What is this, a table for ants? Because that’s the average number of ants in an ant colony and it’s nowhere near an impressive amount of rows to be doing any sort of processing on. It wouldn’t be an impressive amount of rows if your rig was an i386DX-33 running off a 5” floppy.
Exactly, 60k rows is negligible enough in most cases that you can just treat it as free unless you’re doing a cross join on it or something, unless he’s doing something like using an unordered text file as his database with no ram or cache
Buddy’s probably running code he got from GitHub Copilot that is used to do a visualization of a bubble sort for learning purposes.
Even then, I can crank through orders of magnitude more data on my craptop
No matter what actually happened here we can confidently state this clown is full of shit and has no idea what he’s doing.
“YOU’RE JUST JEALOUS” is such a fucking pussy-ass response, too.

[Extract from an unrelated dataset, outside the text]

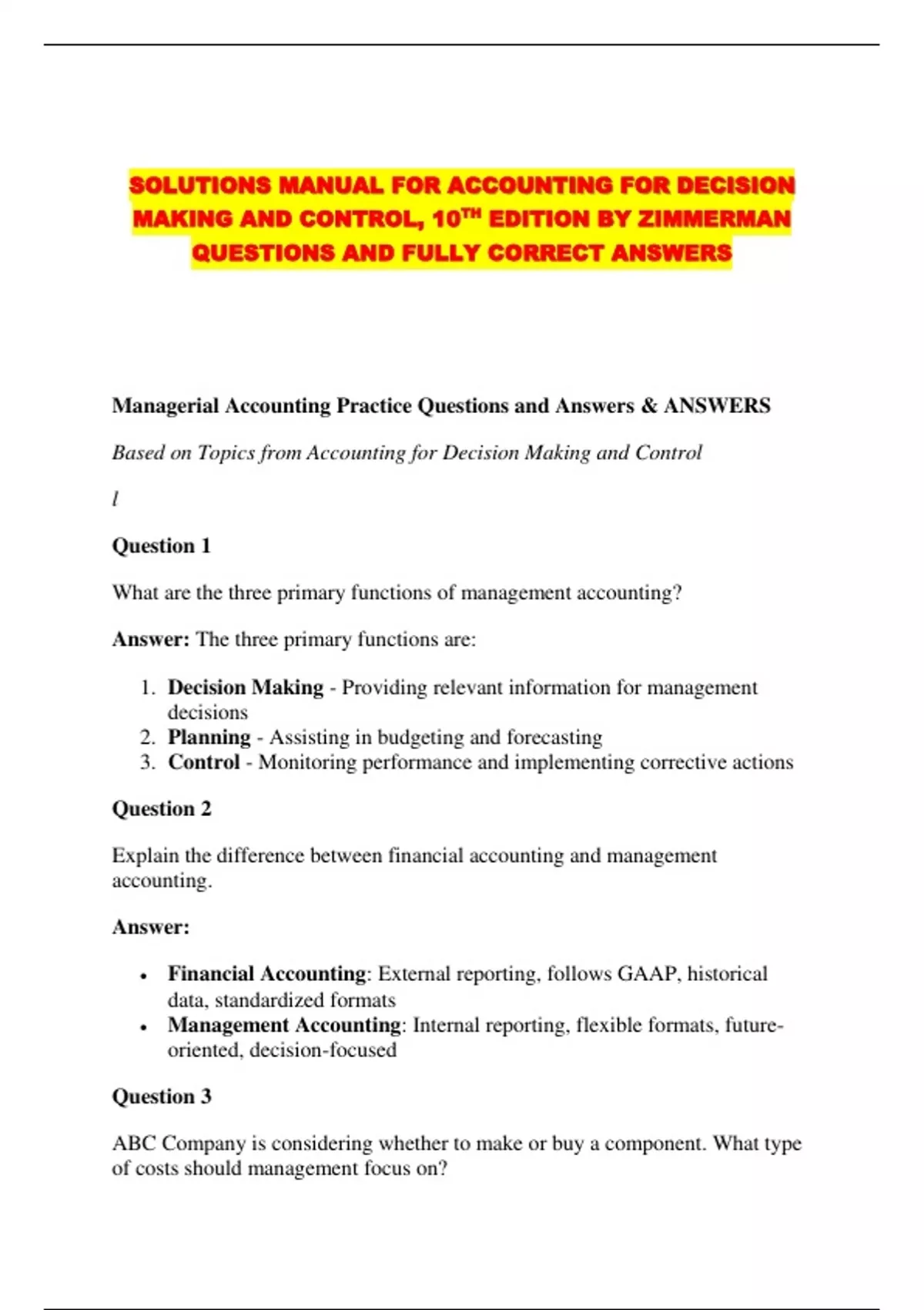 Managerial Accounting Practice Questions and Answers & ANSWERS

Literally every time someone dismisses Wikipedia, it’s because they believe something crazy that Wikipedia told them is wrong.

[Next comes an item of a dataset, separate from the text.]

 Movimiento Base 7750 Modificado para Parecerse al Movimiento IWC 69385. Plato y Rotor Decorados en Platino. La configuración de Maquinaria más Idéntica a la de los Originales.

I checked conservapedia once, and its actually unhinged. If someone tells you to look at that, or reccommends it, they’re crazy.
Did they ever finish their own bible translation? The one they started because King James was too woke.
YES . its so unhinged . they have an entire page discussing if Obama is actually a Muslim
Flashback to 2014.
heh
God they picked out the ONE possible thing they could criticize her for, there’s like 3 other things RIGHT NEXT TO THAT
“Software Engineer” was literally right next to it.
She is vehemently against crypto. She runs the newsletter “web3 is going great” - https://www.web3isgoinggreat.com/
This sounds like trying to do stuff in Excel? The computer isn’t overheating but the amount of memory needed is very high which would make it run poorly. They might interpret that as overheating?
It also makes sense if they are on calling the entire computer “the hard drive” like grandma and the fans kicked on.
Yeah, everyone commenting about being able to handle billions of rows easily, which obviously very true if you are worming with sql or similar.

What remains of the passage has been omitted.